- Developer: Space Media Ventures
- Platforms: Windows, macOS, Linux, iOS, Android
- Genre: 4X
- Mode: Single-player

= Space Odyssey: The Video Game =

Upcoming sandbox video game

Space Odyssey: The Video Game is a proposed sandbox video game with 4X elements developed by Space Media Ventures for Windows, macOS, Linux, iOS, and Android systems, including virtual reality devices. The game is being co-developed by astrophysicist Neil deGrasse Tyson, and has some educational aspects as the player designs and grows parts of a virtual galaxy.

==Gameplay==
Players in Space Odyssey are tasked with creating solar systems and larger stellar bodies in a virtual galaxy. This not only includes defining the planetary bodies within the system, but managing a spacefaring species as it harvests resources from those stellar bodies to expand its civilization through research, production, and trade to make said civilization successful. The game provides various challenges to players that, if completed successfully, reward them with items to further help their species. Players will be able to share their creations with others and visit the systems that others have made. Initial ideas for the game include a virtual assistant voiced by Tyson and a story that begins on Proxima B.

==Development==
Space Odyssey is being developed by Space Media Ventures, and is a cooperative development including SMV's Creative Director, Mark Murphy and astrophysicist Neil deGrasse Tyson. According to Murphy, the goal of the game is to provide an experience similar to Minecraft and Civilization to encourage players to explore space. While they recognize they wanted to make an educational game, Murphy said that they did not want it to be reduced to a series of quizzes or an open-ended world without any instruction, but instead make for a fun and interesting challenge to players of all ages. Tyson was originally skeptical towards the idea when the studio approached him, believing the game was aimed at young players, but they demonstrated their plans to target the game for all ages, bringing him aboard the project.

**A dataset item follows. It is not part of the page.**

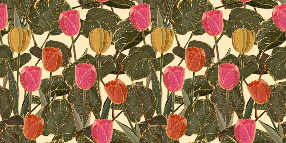 Tulip Focus Wallpaper Mural showcases an exquisite pattern of vibrant tulips in bloom, set against lush, dark foliage. The rich interplay of pinks and yellows creates a striking contrast, adding depth and elegance to its design. This mural exudes a classic charm while subtly infusing a modern touch, making it a versatile choice for any sophisticated interior space.
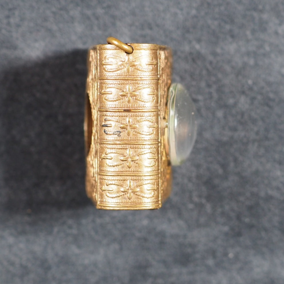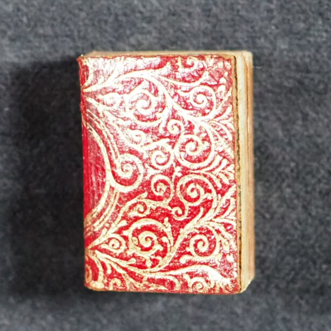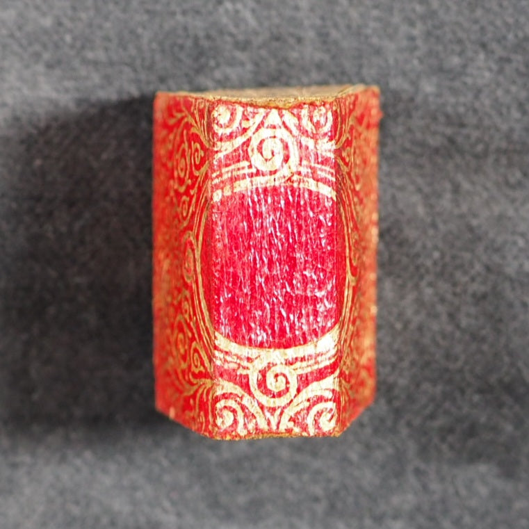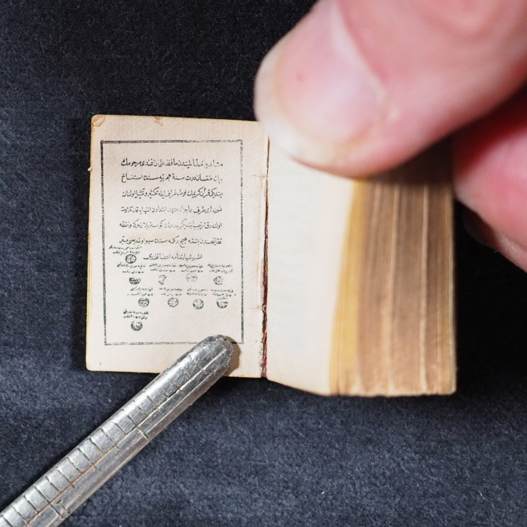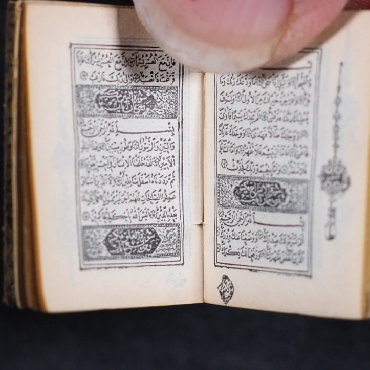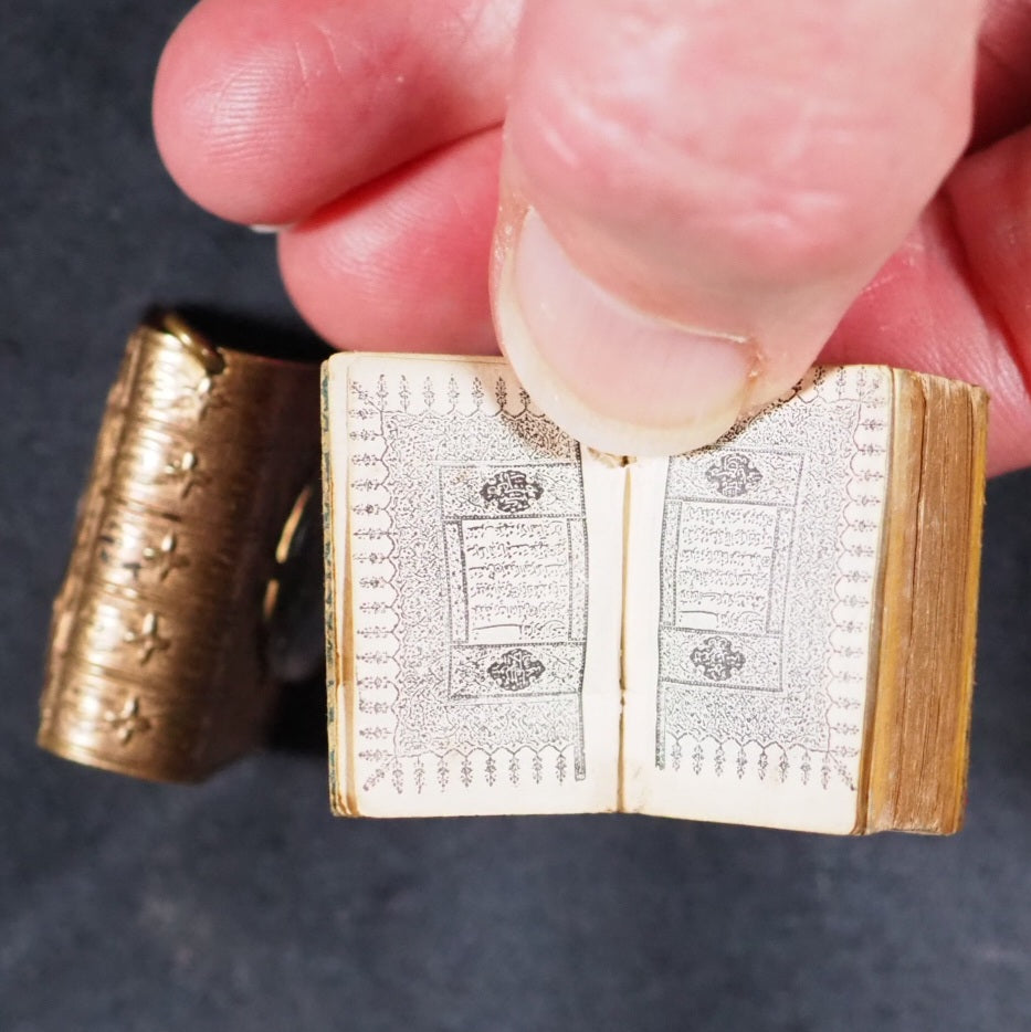 Koran or Qu'ran. David Bryce & Son. Glasgow. 1896. Circa 800 printed pages. Fine India paper, supplied by Henry Frowde. Lithographed text and marginal decoration, printed in Arabic within ruled borders (minuscule marginal tear in gutter of title page) . Original marbled endpapers. 1906 date suggested by D.V. Welsh. But Myrvold and Parmenter state that the Korans were first published in 1896, with reprints in 1899 and 1907. 19 x 26 mm. Original red and elaborately stamped gilt morocco, with lotus motifs and scrolling curlicue decoration. Original pressed brass locket shaped and embossed to resemble a miniature book (straight-grained with ruled corner-pieces and a spine with raised bands and star motif decorations) with a loop at the top, magnifier on the front and Registration number at the bottom (528948). Bryce's miniature Qu'rans are photolithographic reductions of 19th-century Ottoman editions of famous calligrapher Hafiz Osman's Qur'ans: they were based on the 1871 edition, complete with the signatures and seal impressions of the ten Islamic scholars at back and an 1884 edition from Istanbul that provided the Imperial press colophon reproduced here in full. The Sultan and scholar-backed certificate was a legal assertion of the accuracy of the text. Usually offered by the publisher in oblong tin, brass or silver lockets with hinged door and inset magnifier. Occasionally issued as one of a twelve-volume set in a metal shelved glass case with the heading "Midget Library," accompanied by separate miniature magnifying glass; case then fits into an angled wooden stand. Many copies with lockets were supplied to Indian and other Muslim soldiers fighting for the British in the Second Boer War and later World War I, where they were worn as pendants and objects of fascination that carried talismanic properties, as well as serving as functional Qur'ans for reading with the help of the magnifying glass . The Indian Soldiers' Fund (in 1914, the British Indian Army was as much as one third of the entire British fighting force, and over half - more than 150,000 - were Muslims) were instrumental in obtaining and distributing miniature Qu'rans at hospitals (but not packed in boxes with signs for the Red Cross) and the front lines. At least 3,000 copies of this Koran were also bought and distributed by Jewish benefactor, Alfred Ezra, who wrote to Bryce "On receiving one. the man will stand up, put the book over his head and touch each eye with it, and then kiss the book with reverence. They nearly all wear them round their necks, and say that this protects them from all harm". This book shaped brass container is highly unusual and very scarce. An "almost legendary title published by Bryce … The bindings vary from richly gilt-stamped red or black morocco with gilt edges to plain stiff wrappers and yellow edges . . .[and] increasingly difficult to find copies" (Bondy, Miniature Books [1981] 111–2). In The Seven Pillars of Wisdom (Book 4, Chapter 53) T. E. Lawrence wrote: "[Auda] told me later, in strict confidence, that thirteen years before he had bought an amulet Koran for one hundred and twenty pounds and had not since been wounded. . . . The book was a Glasgow reproduction, costing eighteen pence; but Auda’s deadliness did not let people laugh at his superstition." A similar edition is in the Queen Mary's Dolls' House in Windsor Castle. Bondy, 111-2. Garbett, 29. Pistner, B233:6. Spielmann, 28. Welsh, 4174. OCLC, 1053056481. WorldCat locates 2 copies worldwide (Washington and North Texas University Libraries). 7 firsts2024

Tyson has input in the design of the game's challenges. The game is driven by real science and real physics, aspects which Tyson found crucial to creating a unique and compelling gaming experience. Further, Tyson, along with groups like Bigelow Aerospace and National Space Society have been consulted on the game to help provide ideas for realistic future technologies to be employed by the player. Tyson has worked with several guests from his talk show, StarTalk, to help provide material in-game to relate the science and understanding of game elements to the player. With the ability to share stellar systems among players, the developers have gotten Tyson, Len Wein, StarTalk All-Stars, and Peter Beagle to participate in creating their own systems that players can visit and study.

The title was announced in October 2016, and Space Media Ventures hosted an All-Star Panel featuring Tyson, James Gunn, Kiki Wolfkill, Randy Pitchford and moderated by Chris Hardwick to launch the community build of the game during Electronic Entertainment Expo 2017. To help support development, the team started a Kickstarter crowdfunding campaign to raise $314,159 in mid-June 2017. It was also being crowdfunded on Indiegogo.

In April 2020, it was announced that development on the project had been delayed owing to lack of funding. The apologies above also mention that the Kickstarter and Indiegogo funding "[...] was to introduce the vision for the game to the community and seed early development.". The post also mentions that the raised funding was not enough to develop the videogame even though the Kickstarter campaign had "Beta Tester & Full Game Download" as an option.

On 2022, Ben Hason on his YouTube channel did a video adding comments from people who were in theory involved in the development. Cecil Kim (involved as an artist design) said in this interview that he was never in touch with Neil deGrasse Tyson himself on this project. Also said that the scope of the game did not seem to be properly defined at the time he was involved. He never talked again to Mark Murphy after the Kickstarter campaign was done. Similarly, the same happened with Big Red Button entertainment (the development team) who was not involved in Space Odyssey after the Kickstarter campaign ended.

No new updates have been given since the last post on Kickstarter, which was posted in 2020.